Machine LEARNING--L1, L2 norm

Source: Internet
Author: User

About L1 Norm and L2 norm of content and diagram, feel has seen times, just read this Daniel blog http://blog.csdn.net/zouxy09/article/details/24971995/, At this moment finally understand that a lost, hurriedly "hot" record!

See the difference between L1 norm and L2 norm from two aspects:

1. Descent Speed:

L1 and L2 are all in a regular way, we add the weight parameter w to the target function in the way of L1 or L2 norm. The model then tries to minimize these weight parameters.

Common objective function form:

  

And this minimization is like a downhill process, the difference between L1 and L2 is that the "slope" is different, such as:

  The L1 is reduced by the "slope" of the absolute value function, while the L2 is reduced by the "slope" of the two-time function. So in fact, around 0, theL1 is falling faster than the L2 . So it will fall to 0 very quickly.

L1 in the folk person called Lasso,L2 person Ridge. In the "machine Learning Combat " book, chapter 8 introduced the "reduction Method" in the chapter on regression, referring to the ridge regression and Lasso.

2. Limitations of model space:

in fact, for L1 and L2 , we can write the following form for the loss function of the rule:

  

  In other words, we limit the model space to a l1-ball of W. To facilitate visualization, we consider a two-dimensional case where the contour of the objective function can be drawn on the (W1, W2) plane, while the constraint becomes a norm ball with a radius of C on the plane. The best solution is where the contour line intersects with the norm Ball for the first time:

  As you can see, the difference between the L1-ball and the L2-ball is that the L1 has "horns" in place where each axis intersects, and that the geodesic of the objective function will intersect at the corner most of the time unless the position is very well placed. Notice that the position of the corner will be sparse , the intersection point in the example has w1=0, and the higher dimension (imagine what the three-dimensional l1-ball is?). In addition to the corners, there are many sides of the contour is also a large probability of becoming the first intersection of the place, and will produce sparsity.

By contrast,L2-ball has no such property , because there is no angle , so the probability that the first intersection occurs in a sparse position becomes very small. This intuitively explains why L1-regularization can produce sparsity, and the reason why l2-regularization does not work.

Therefore, one sentence summary is:L1 will tend to produce a small number of features, while the other features are 0, and L2 will choose more features, these features will be close to 0. Lasso is very useful in feature selection, and ridge is just a rule.
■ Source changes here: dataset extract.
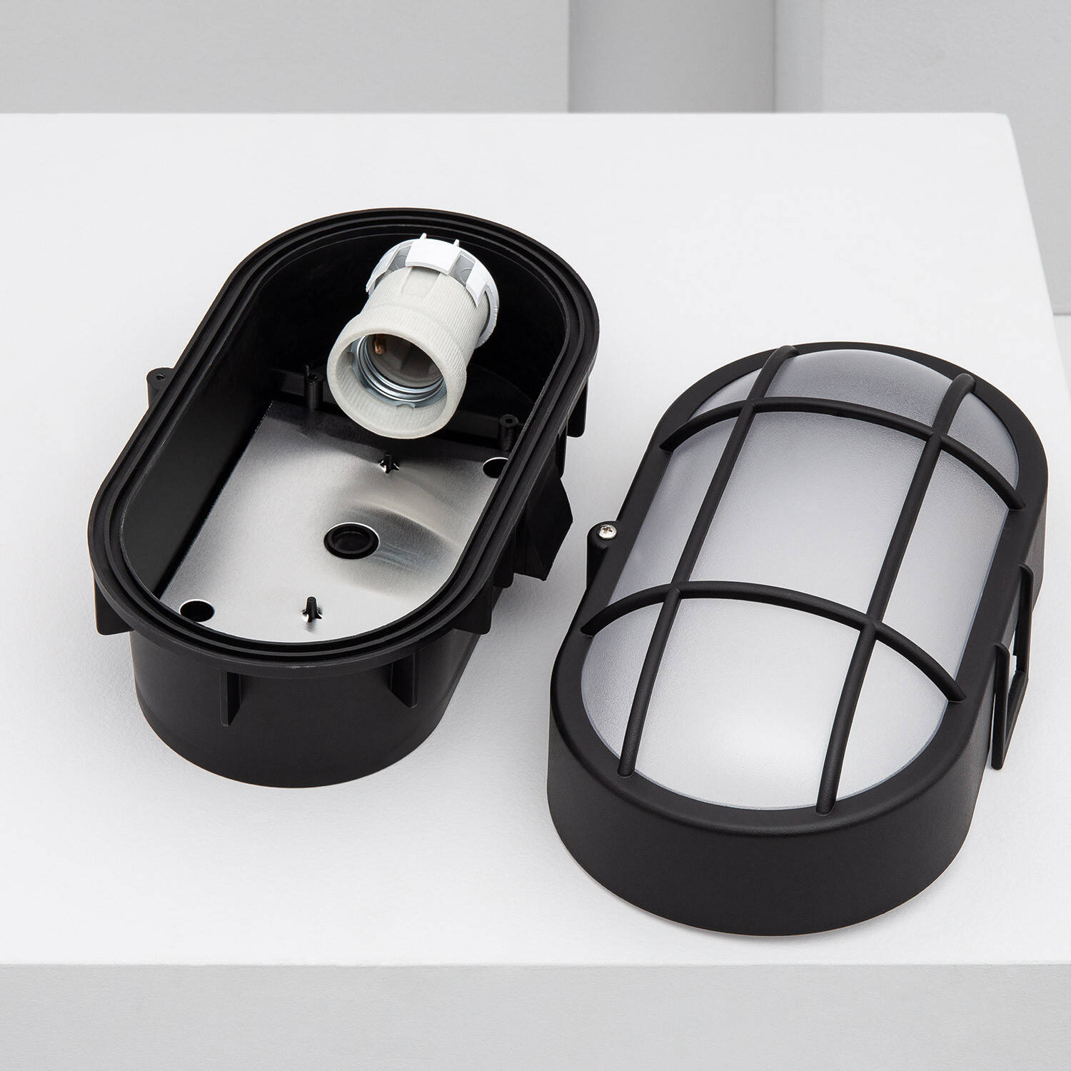 Plafonnier Extérieur Ovale à Grille Hublot 220×120 mm — Éclairage fiable et élégant

Machine LEARNING--L1, L2 norm

Contact Us

The content source of this page is from Internet, which doesn't represent Alibaba Cloud's opinion; products and services mentioned on that page don't have any relationship with Alibaba Cloud. If the content of the page makes you feel confusing, please write us an email, we will handle the problem within 5 days after receiving your email.

If you find any instances of plagiarism from the community, please send an email to: info-contact@alibabacloud.com and provide relevant evidence. A staff member will contact you within 5 working days.

A Free Trial That Lets You Build Big!

Start building with 50+ products and up to 12 months usage for Elastic Compute Service

  • Sales Support

    1 on 1 presale consultation

  • After-Sales Support

    24/7 Technical Support 6 Free Tickets per Quarter Faster Response

  • Alibaba Cloud offers highly flexible support services tailored to meet your exact needs.